三菱重工冷熱株式会社が取り扱うCO2コンデンシングユニット「C-puzzle」シリーズ。その大容量機である「C-puzzle80」の初号機出荷式典が、2021年11月24日に同社大和事業所にて開催された。記念すべき初の出荷先は、株式会社ニチレイ・ロジスティクス九州の「箱崎埠頭物流センター」である(10~40馬力は三菱重工サーマルシステムズ株式会社製)
エンドユーザーに優しい設計と、多用途への対応
冷凍設備を含む総合ソリューションを支える、三菱重工冷熱。同社はCO2コンデンシングユニット「C-puzzle」と、アンモニア/CO2自然冷媒冷却システム「C-LTS」シリーズの2機種にて、幅広い冷媒・冷却ニーズに対応したソリューションを展開する。「C-puzzle80」は大容量化需要に応え三菱重工冷熱が新開発したものであり、2021年夏から販売が開始された。

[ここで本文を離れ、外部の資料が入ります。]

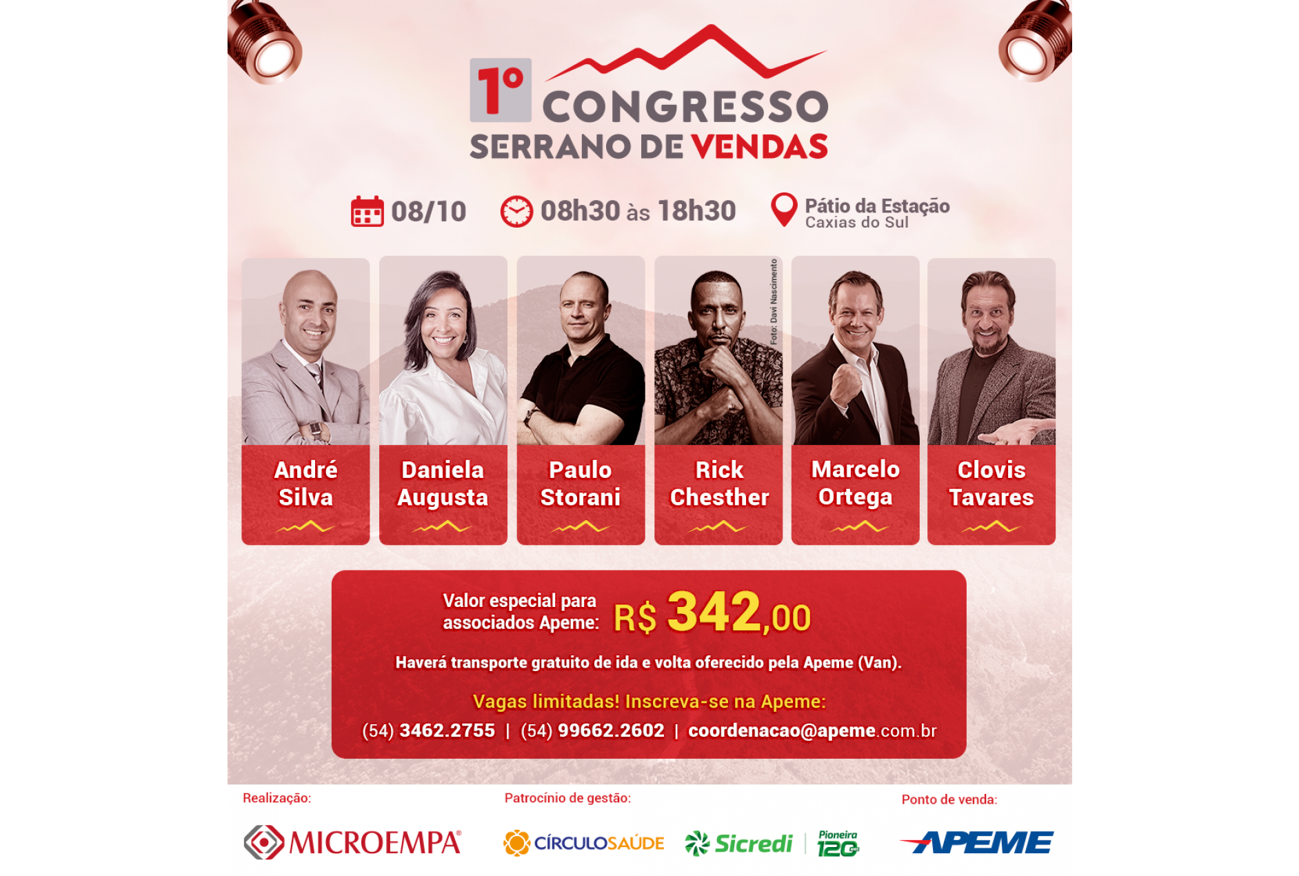 Associados Eventos GeralA Associação de Pequenas e Médias Empresas (Apeme) de Garibaldi, em parceria com a Associação das Empresas de Pequeno Porte da Região Nordeste do RS (Microempa), oferecerá valores diferenciados de ingressos e transporte gratuito para associados interessados em participar do 1º Congresso Serrano de Vendas. O evento, que acontece no dia 08/10, levará a Caxias do Sul os palestrantes André Silva, Daniela Augusto, Paulo Storani, Rick Chesther, Marcelo Ortega e Clóvis Tavares, considerados nomes gigantes no setor comercial.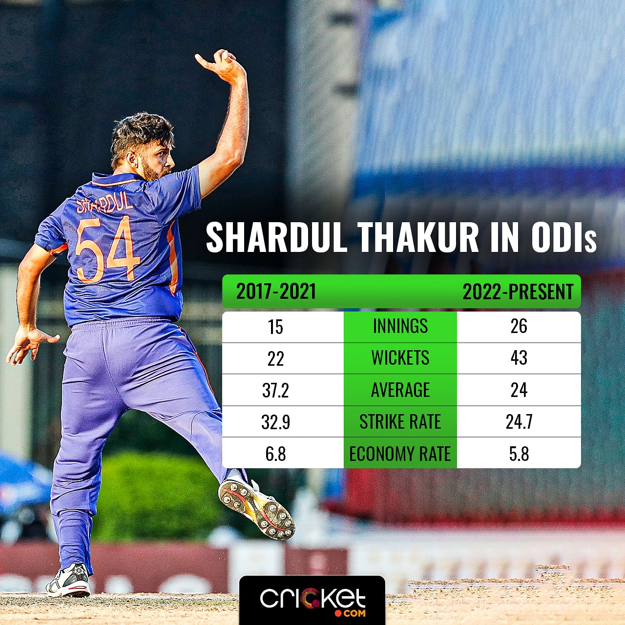 Let’s keep his batting aside for a while, Shardul has also improved as a bowler in the last two years. Since 2022, the right-arm seamer has claimed 36 wickets in 23 games @ 24.3 and a strike rate of 25.6. His economy has also dropped to 5.7, compared to 6.8 in his first five years. The Indian team management has been pretty vocal about wanting some batting depth, and that's why Shardul has played the joint second-most number of ODIs (23) for India since 2022.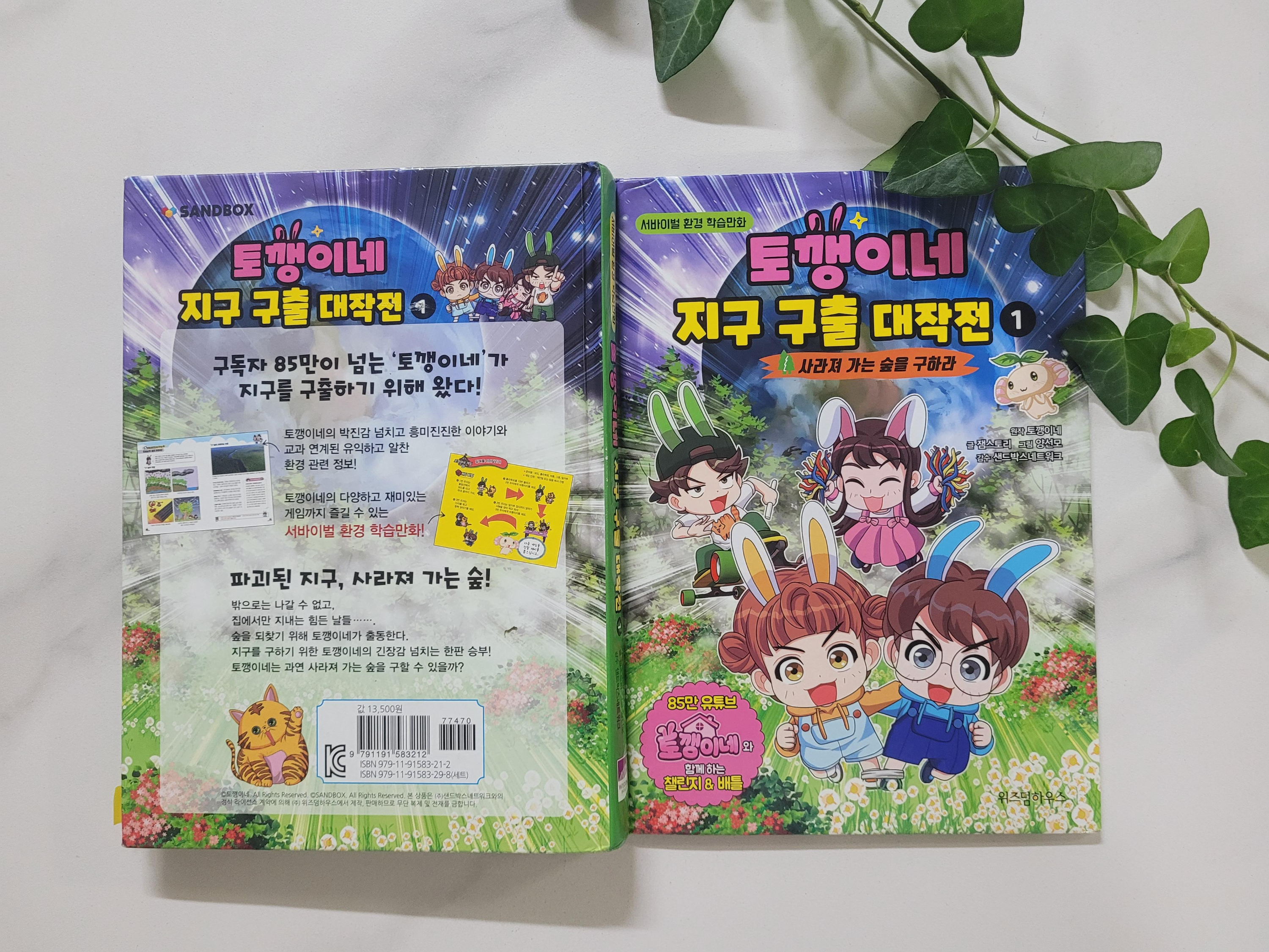 환경이라는 소재를 쉽게 읽기 위해 알아보다가 유튜브에 나오는 토끼네 가족들이 만든 환경책을 만나게 되었어요. 유명한 유튜버이기에 부담감 없이 구매해서 읽었습니다. 보자마자 순식간에 싹 다 읽어버렸어요. 1탄에는 사라져 가는 숲을 구하라라는 이야기를 담고 있습니다.

C-puzzle80(型式:CSTS8001ML)は、蒸発温度が-25℃~-45℃、外気温が-15℃~43℃と幅広い使用範囲を持つ。2022年には蒸発温度-5℃~-45℃と、さらに用途を拡大したバージョン(型式:CSTS8001MH)の発売を予定しているという。
大型機開発にあたっては、世界初の2段圧縮式「スクロータリーコンプレッサ」の大容量化も実施。同じく三菱重工グループ企業である三菱重工サーマルシステムズ株式会社によって新開発された、40馬力コンプレッサーを2台搭載した。性能面への配慮だけでなく、コンパクトで静音、オーバーホール不要の設計により、納入先のメンテナンスの負担が大きく軽減されているのが特長だ。

長年の連携、自然冷媒でも発揮
「C-puzzle80」初の納入先となったのは、ニチレイ・ロジスティクス九州が運営する箱崎埠頭物流センターの1号棟である。ユニットは合計3台、いずれも1号棟屋上に置かれ、合計3系統で4階までの各階に設置された冷却器と接続されている。「C-puzzle80」の配管はガスクーラーとの高低差20m、配管長100mまで可能ということで、設置自由度と施工性の高さもエンドユーザーに優しい設計だ。

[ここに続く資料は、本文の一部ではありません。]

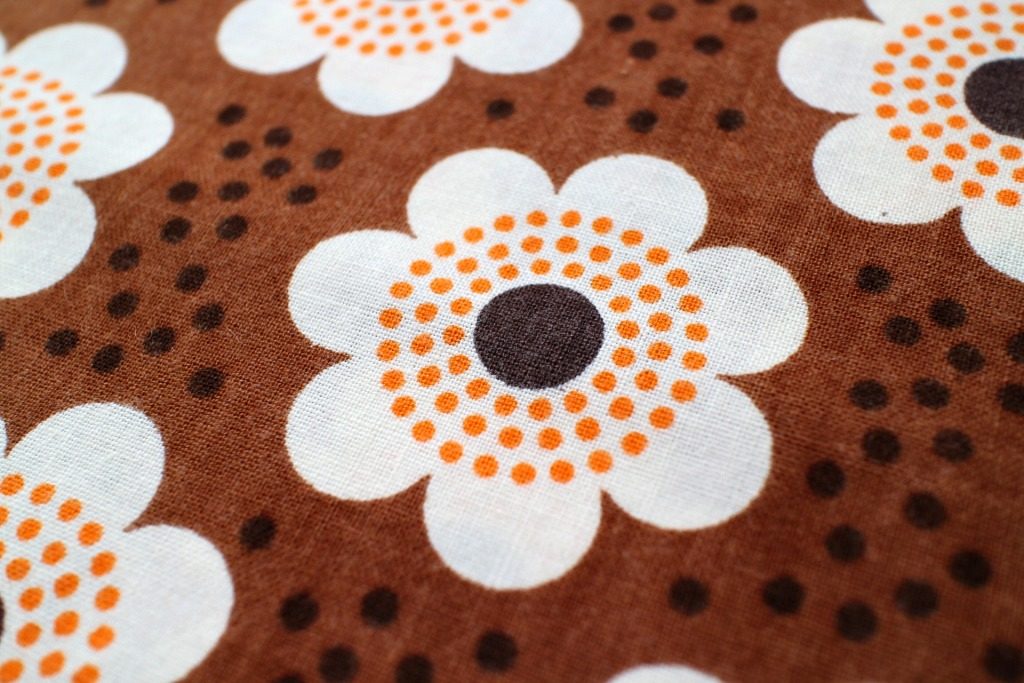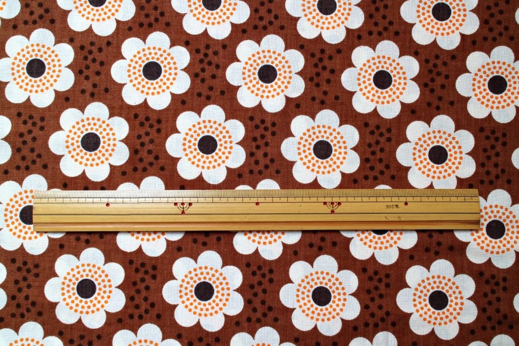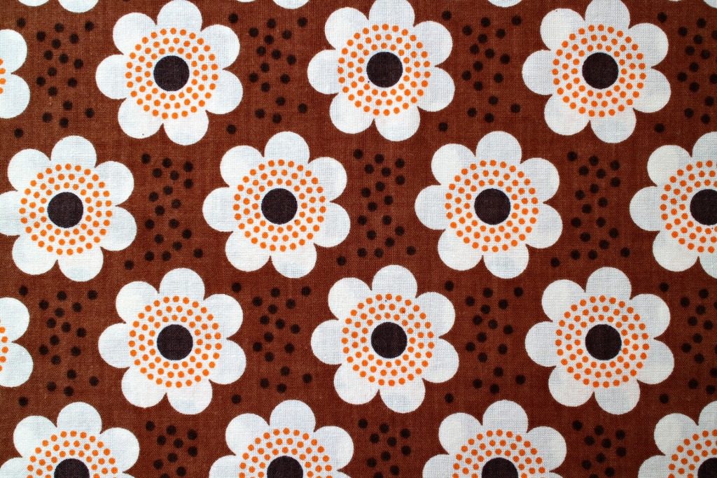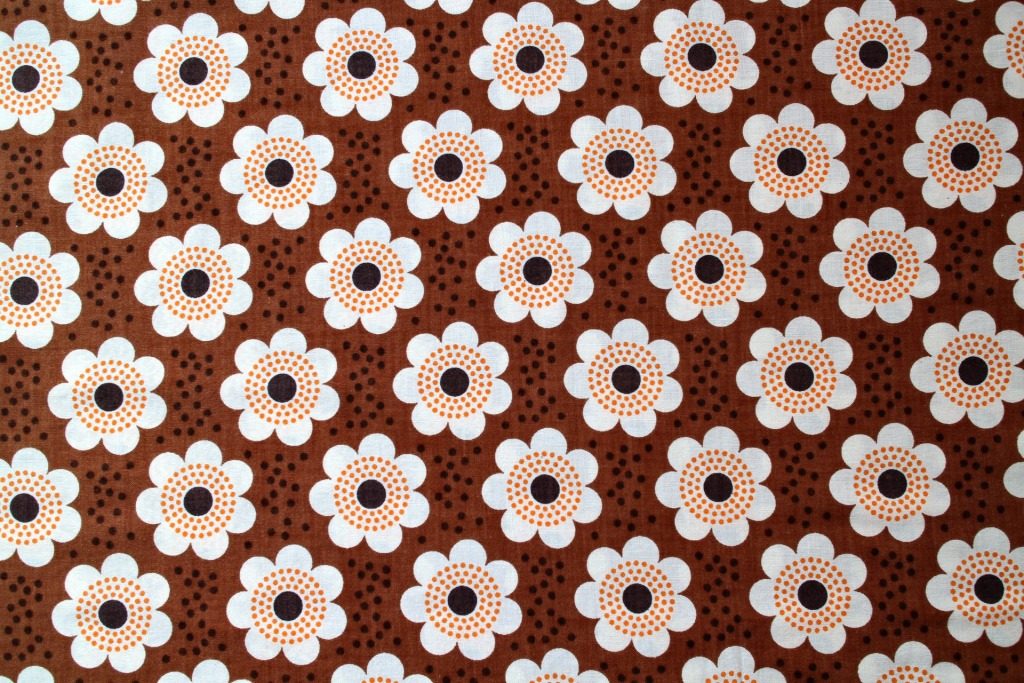 チョコレートのような茶色い生地に白いポップフラワーがプリントされた、キッチュなレトロ柄ヴィンテージファブリック。

株式会社ニチレイロジグループ本社は、2010年度より冷蔵庫冷却設備には自然冷媒を採用する方針を取っている。近年の気候変動問題の深刻化に合わせ、その動きをさらに加速。2030年までに、海外の拠点も含め自然冷媒化を75%以上まで普及させる取り組みを推進している。

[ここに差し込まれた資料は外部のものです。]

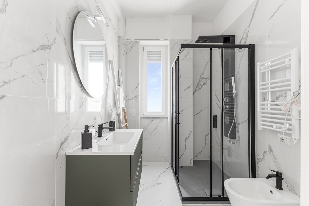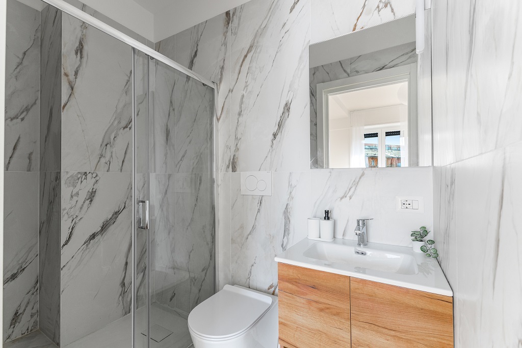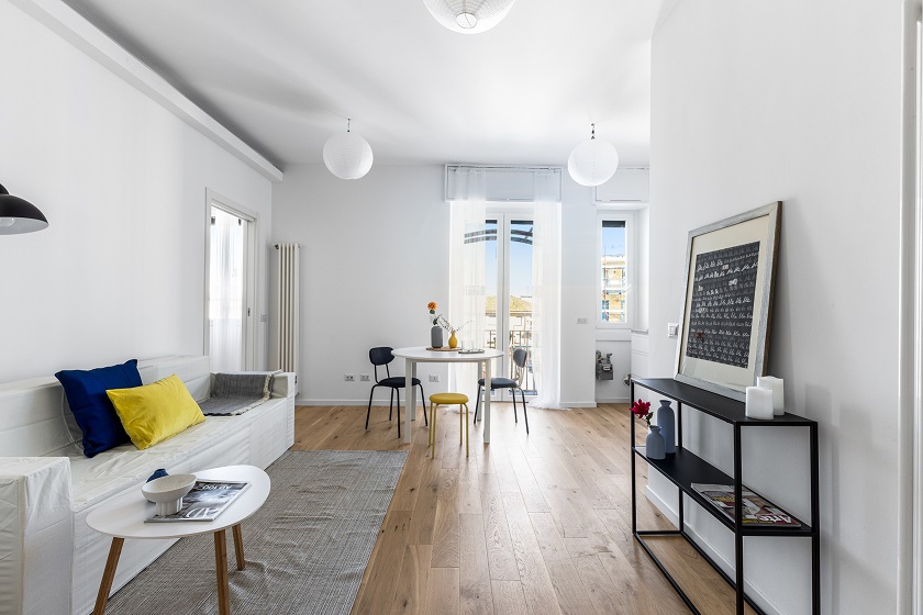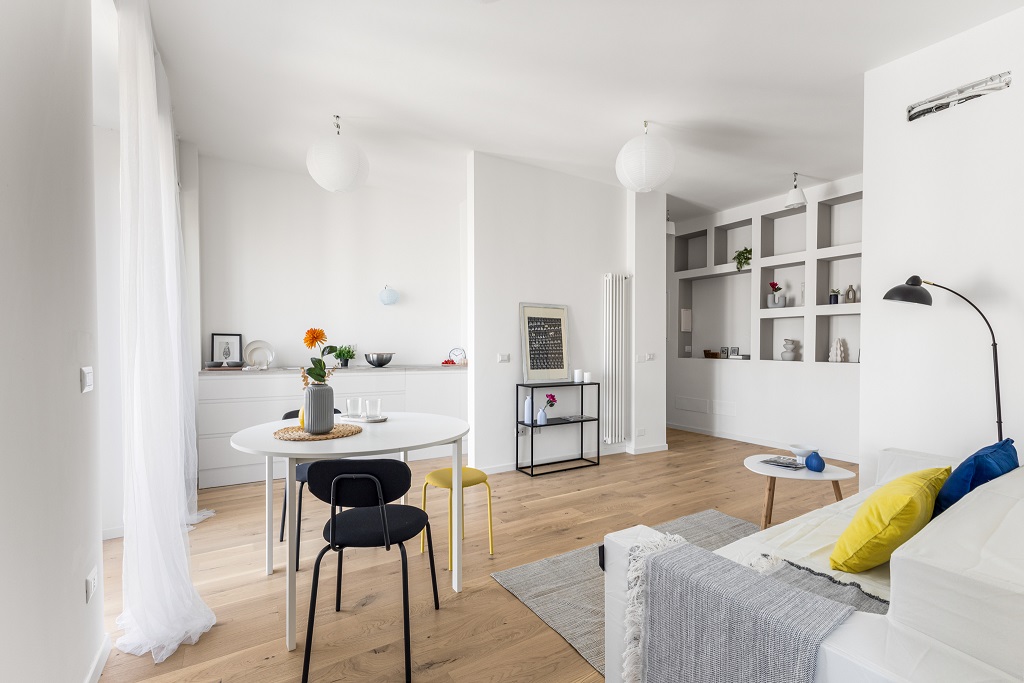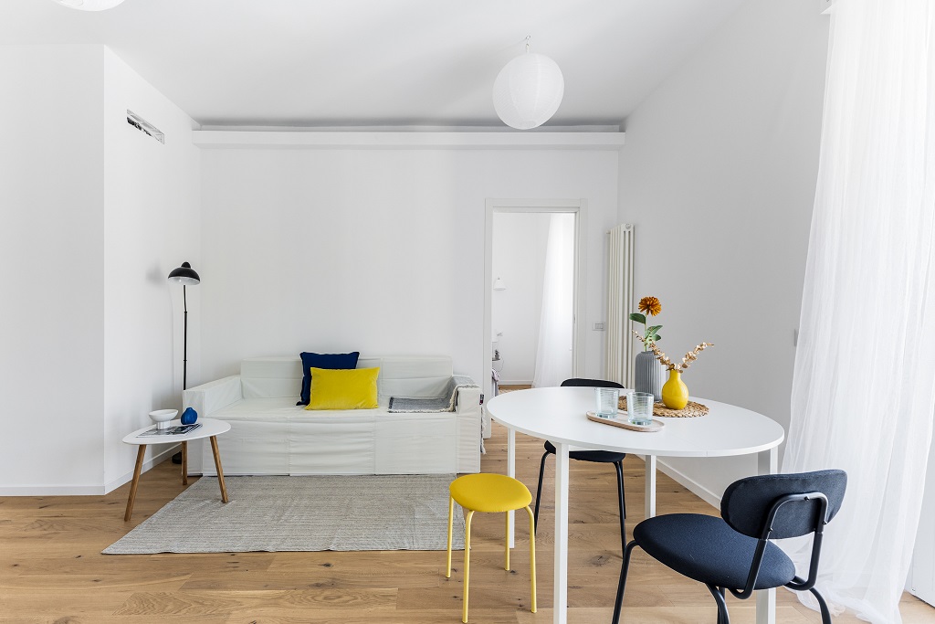 L’appartamento si presenta completamente ristrutturato con finiture moderne e ambienti curati nei minimi dettagli.

箱崎埠頭物流センターでは、三菱重工冷熱のR22を採用した「LTS」シリーズ冷凍機を長年使用してきた。老朽化に伴い自然冷媒機器を模索していたが、設置場所の都合により、アンモニア/CO2機器の設置を断念。三菱重工冷熱よりコンパクトかつ空冷式の「C-puzzle」シリーズの紹介を受け、検討の末導入を決定したという。スペース上の問題に加え、現場でのメンテナンスの負担が軽微であること、また同社の実績・信頼性を考慮して今回の決定へと至った。
ニチレイロジグループ、三菱重工冷熱は前身である株式会社東洋製作所の頃から、フロン機の納入実績でタッグを組んできた。現在、三菱重工冷熱は製造・販売する自然冷媒機器の割合が8割を超え、ニチレイロジグループは現在保有設備のうち、年50,000t規模を自然冷媒化する計画を立てている。
二人三脚のような関係性で、発展を続ける両社。その取り組みが、自然冷媒化でもおおいに感じ取ることのできる出荷式典だった。
出荷式典挨拶より
三菱重工冷熱株式会社 代表取締役社長 菊地 剛彦氏

ニチレイロジグループ様は、株式会社東洋製作所の時代から多くの冷却設備をご用命いただいており、大変感謝しております。
冷凍倉庫・冷蔵倉庫業界で脱フロン化、自然冷媒化のトレンドが出て以来、ここにある「C-puzzle80」のように自然冷媒機器へと代替わりしています。
お客様からのご要望である大容量化に際しては、三菱重工の持つ回転体開発技術を応用し、40馬力のコンプレッサー2機を搭載して大型化を図りました。10馬力~80馬力まで、自然冷媒ユニットの商品ラインナップを広げることにより、ニチレイロジグループ様の自然冷媒化に、少しでもお役に立てればと思っております。
ニチレイロジグループ様は、自然冷媒化のリーダー的存在と思っております。そこに私達が納入させていただくことは、倉庫業界にインパクトを与えるとともに、私達も業界に少しでも貢献ができる という自負を持てることを、大変嬉しく思っております。
三菱重工冷熱株式会社 取締役エンジニアリング事業本部 本部長 髭分 美次氏

今日、全世界で環境問題について語られない日はありません。三菱重工サーマルシステムズ、三菱重工冷熱の「世界を熱で過ごしやすく」というスローガンのもと、スタッフを結集して情熱を注ぎ、世に送り出すCO2冷凍機の真打ち。それが「C-puzzle80」だと思っております。
今後もお客様の多種多様なニーズに応えるため、最新型の「C-LTS」シリーズを含めラインナップを拡充し、システム全体の最適運転、保守保全、設備運用面の充実を図って参りたいと思います。ニチレイグループ様をはじめ、冷熱にかかわるすべてのステークホルダー様に貢献することが、当社の使命であると肝に命じるところでございます。
株式会社ニチレイ・ロジスティクスエンジニアリング 代表取締役社長 井藤 勉氏

三菱重工冷熱様の冷凍機が、長期に渡り現役で活躍しているのは、御社の冷凍機の確かな性能と信頼性、安定性のみならず、導入いただいた後の丁寧なアフターメンテナンスがあるからと感じております。本当に感謝しております。
箱崎埠頭物流センターに納入される「C-puzzle80」は初号機ということで、光栄なことと思っておりますし、正直とても楽しみにしております。
今般、社会問題である地球温暖化抑制にむけ、ニチレイロジグループが自然冷媒化をますます強力に推進してまいろうと思っております。
今日の日を船出といたしまして、重工冷熱様の叡智と我々の運用実績を重ね磨きまして、これからの世代の新しい自然冷媒の主力機器を、お互いに切磋琢磨して育てていきたいと思います。